Perhaps that is why the pendulum has swung back and forth regularly between harsh, oppressive control and the unstructured permissiveness we saw in the mid–twentieth century. It is time we realized that
both
extremes leave their characteristic scars on the lives of young victims, and I would be hard pressed to say which is more damaging.

At the oppressive end of the continuum, a child suffers the humiliation of total domination. The atmosphere is icy and rigid, and he lives in constant fear. He is unable to make his own decisions, and his personality is squelched beneath the hobnailed boot of parental authority. Lasting characteristics of dependency; deep, abiding anger; and even psychosis can emerge from this persistent dominance.

Of greater concern are the boys and girls who are being subjected to physical and emotional abuse. There are millions of families out there in which these unthinkable crimes are being committed day after day. It is hard to believe just how cruel some mothers and fathers can be to a defenseless, wide-eyed child who doesn’t understand why he or she is hated. The cases I’ve dealt with over the years—of unloved and abused children—are impossible to forget. I remember the terrible father who regularly wrapped his small son’s head in the sheet that the boy had wet the night before. Then he crammed the tot upside down into the toilet bowl for punishment. I also think of the disturbed mother who cut out her child’s eyes with a razor blade. That poor little girl will go through life blind, knowing that her own mother deprived her of sight! Horrible acts like these are now occurring every day in cities and towns around us.

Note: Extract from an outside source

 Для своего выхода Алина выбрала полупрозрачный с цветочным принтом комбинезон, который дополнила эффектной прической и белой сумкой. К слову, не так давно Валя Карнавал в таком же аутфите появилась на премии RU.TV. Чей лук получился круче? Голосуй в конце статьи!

We should also recognize that there are many ways to abuse a child without breaking the law. It can be done subtly by ignoring a boy or girl’s desperate need for nurturance. It can be accomplished by unjust and unfair punishment, including parental acts that might pass for “corporal punishment”—such as routinely hitting, slapping, kicking, and throwing the child to the ground. Then there is the entire range of humiliating behavior by a mother or father, making a youngster feel stupid and weird and unloved. Within certain limits, these behaviors are not illegal. There is no one to rescue the pitiful child who is being twisted and warped by the big people around him. Let
nothing
in this book ever hint at my approval for such tyranny.

Let me say again with the strongest emphasis that aggressive, hard-nosed, “Mommie Dearest” kinds of discipline are destructive to kids and must not be tolerated. Parents who are cold and stern with their sons and daughters often leave them damaged for life. I could easily be misunderstood at this point, having authored this book in which I recommend (in chapter 4) the judicious use of corporal punishment under specific circumstances and limits. May all doubts be dispelled.
I don’t
believe in parental harshness.
Period! Children are incredibly vulnerable to rejection, ridicule, criticism, and anger at home, and they deserve to grow up in an environment of safety, acceptance, and warmth.

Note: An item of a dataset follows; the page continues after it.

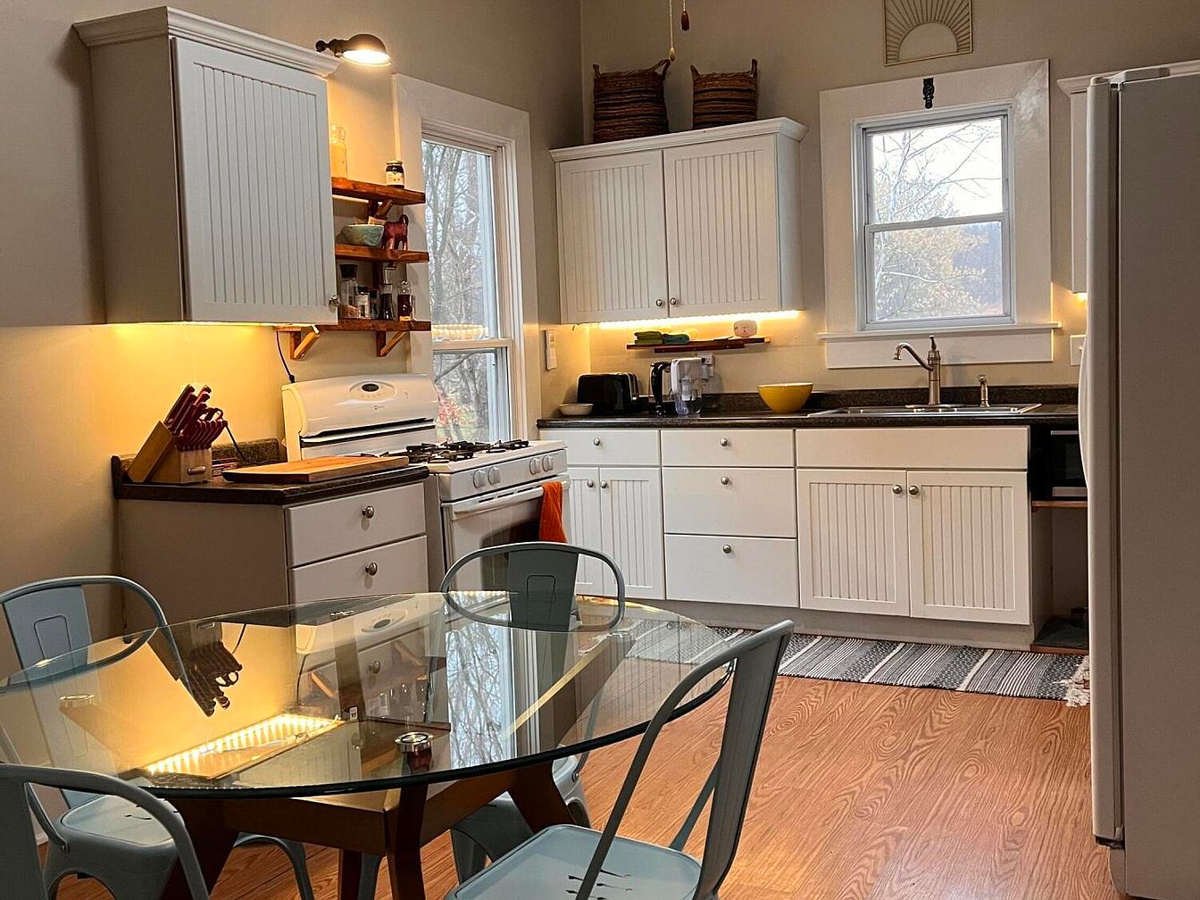 This kitchen showcases a cozy, modern design with light-colored cabinetry featuring textured paneling. The countertops are dark, creating a striking contrast against the white cabinets. A gas stove sits prominently, flanked by sleek appliances and a bowl for fresh produce, enhancing functionality. Under-cabinet lighting casts a warm glow, emphasizing the cozy atmosphere. A round glass dining table with metal chairs occupies the center, inviting casual meals. Natural light streams through the window, illuminating the space. The wood flooring adds warmth, while decorative shelf elements above the counter create personalized touches, blending style with practicality.

We must acknowledge, as indicated earlier, that the opposite extreme is also damaging to children. In the absence of adult leadership, the child is his own master from his earliest babyhood. He thinks the world revolves around his heady empire, and he often has utter contempt and disrespect for those closest to him. Anarchy and chaos reign in his home, and his mother is often the most nervous, frustrated woman on her block. When the child is young, the mother is stranded at home because she is too embarrassed to take her little spitfire anywhere. It would be worth the hardships she endures if this condition produced healthy, secure children. It clearly does not.

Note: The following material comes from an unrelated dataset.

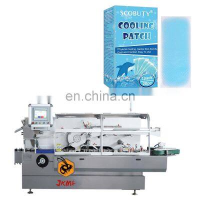 Automatic high speed 125 carton /min horizontal cooling gel patch cartoning machine for pharma Products DescriptionJKMF automatic cartoning machine can achieve full automatic products conveying & feeding, flat carton feeding, carton opening, products pushing, carton folding, carton closing, finished carton package discharging.Machine InformationAutomatic Box Cartoning Machine is a hot sale product developed and manufactured by our company. It is applied to a variety of foods, toys, cosmetics, electronics and daily necessities. Box packing machineJK-Box sizeL:65~350 mmW:30~350 mmH:15~180 mmWrapping speed40~70 box/minGas source0.5~0.8 MpaMachine weight1300KGMachine power220V, 50HZLarge capacity storage box rackWith the long boxes' feeding shelf design, you can place up to 2000 pcs boxes, the machine will alarm and stop automatically whenthe boxes are going to running out.Sensor Identify the product The box storage shelf will stop to feed boxes once there is no products get detected on the conveyor, which will prevent from the box wasting.Automatic feeding device Pneumatic manipulator can fill materials accurately and at a high speed.Adjustable sealing device With the convenient adjustment design, you can easily to complete the adjustment for the different sizes boxes in 1 min.Why Choose UsJIKE BEE MACHINERY has a professional team to provide customers with various packaging solutions. Fully understanding the needs of customers,engineers design the most suitable solution. We have our own processing and assembly workshop and quality inspection and debugging process to ensure the quality of the machine. After acceptance by the customer, they are packed in international standard wooden cases and shipped.Our technical team has carefully filmed more than 100 installation and commissioning videos of various accessories and complete machines, providing video training guarantee services for the equipment permanently.We will package the machine's instruction manual and a USB flash drive with machine operation videos together with the machine.Ensure that you can use the machine as soon as you receive it. If you have something you don't understand, our after-sales team will also help you answer in time.We package and ship the machines in accordance with export requirements.1.Bottom fixed, avoiding shaking and damaging.2.Wrap whole machine in transparent film.3.Packed by fumigated wooden case, meeting export standard.Company ProfileFoshan Jike Bee Automation Equipment Co., Ltd. is a manufacturer of automatic packaging equipment.We are a production-oriented enterprises focused on product innovation, factory direct sales and perfect after-sales service in one.The automatic packaging equipment for granule, powder, liquid and sauce produced by the Jason company is at the advanced level of the industry,it can be customized production automatic material packaging line for all kinds of products .Mainly applicable to: food, hardware, drugs, daily chemicals, pesticides, fruits and vegetables, cosmetics, other industries.The company has its own patent and product technical certification, which can bring customers high quality equipment and worthy of customer trust.Customer PhotosOur customers have covered more than 80 countries around the world.And give us unanimous praise.CertificationsFAQQ1:Do you have manual or operation video for us to know more about the machine? Yes, not only manual or operation video, 3D drawing also available to make as per your design,also the video we can make of testing the material from our packaging machine if your packing goods easier for us to find from our local market. Q2:How can I trust you for the first time business ?Please note our above business license and certificate. And if you don't trust us, then we can use Alibaba trade assurance service, guarantee your money, and guarantee your machine's on-time delivery and machine quality.Q3:Is engineer available to serve oversea?Yes, but the travel fee is paid by you. So actually to save your cost, we will send you a video of full details machine installation and assist you till the end.Q4:How can we make sure about the machine quality after we put the order?Before delivery, we will send you the pictures and videos for you to check the quality, and also you can arrange for quality checking by yourself or by your contacts in China.Q5:Will you provides the door to door service?Yes. Please offer us your final destination, we will check with our agent to see if it available, and most of the area is ok for us to clearing and sending in your countries.

Many of the writers offering their opinions on the subject of discipline in recent years have confused parents, stripping them of the ability to lead in their own homes. They have failed to acknowledge the desire of most youngsters to rule their own lives and prevail in the contest of wills that typically occurs between generations.

In my book
The Strong-Willed Child
I quoted from a parenting text entitled,
Your Child from Two to Five,
published during the permissive 1950s. In it was a bit of advice paraphrased from the writings of a Dr. Luther Woodward, as follows:

What do you do when your preschooler calls you a “big stinker” or threatens to flush you down the toilet? Do you scold . . . punish . . . or sensibly take it in your stride? Dr. Woodward recommends a positive policy of understanding as the best and fastest way to help a child outgrow this verbal violence. When parents fully realize that all little tots feel angry and destructive at times, they are better able to minimize these outbursts. Once the preschooler gets rid of his hostility, the desire to destroy is gone and instinctive feelings of love and affection have a chance to sprout and grow. Once the child is six or seven, parents can rightly let the child know that he is expected to be outgrowing sassing his parents.
1

Having offered that sage advice, with which I disagree strongly, Dr. Woodward then told parents to brace themselves for unjust criticism. He wrote, “But this policy [of letting children engage in defiance] takes a broad perspective and a lot of composure, especially when friends and relatives voice disapproval and warn that you are bringing up a brat.”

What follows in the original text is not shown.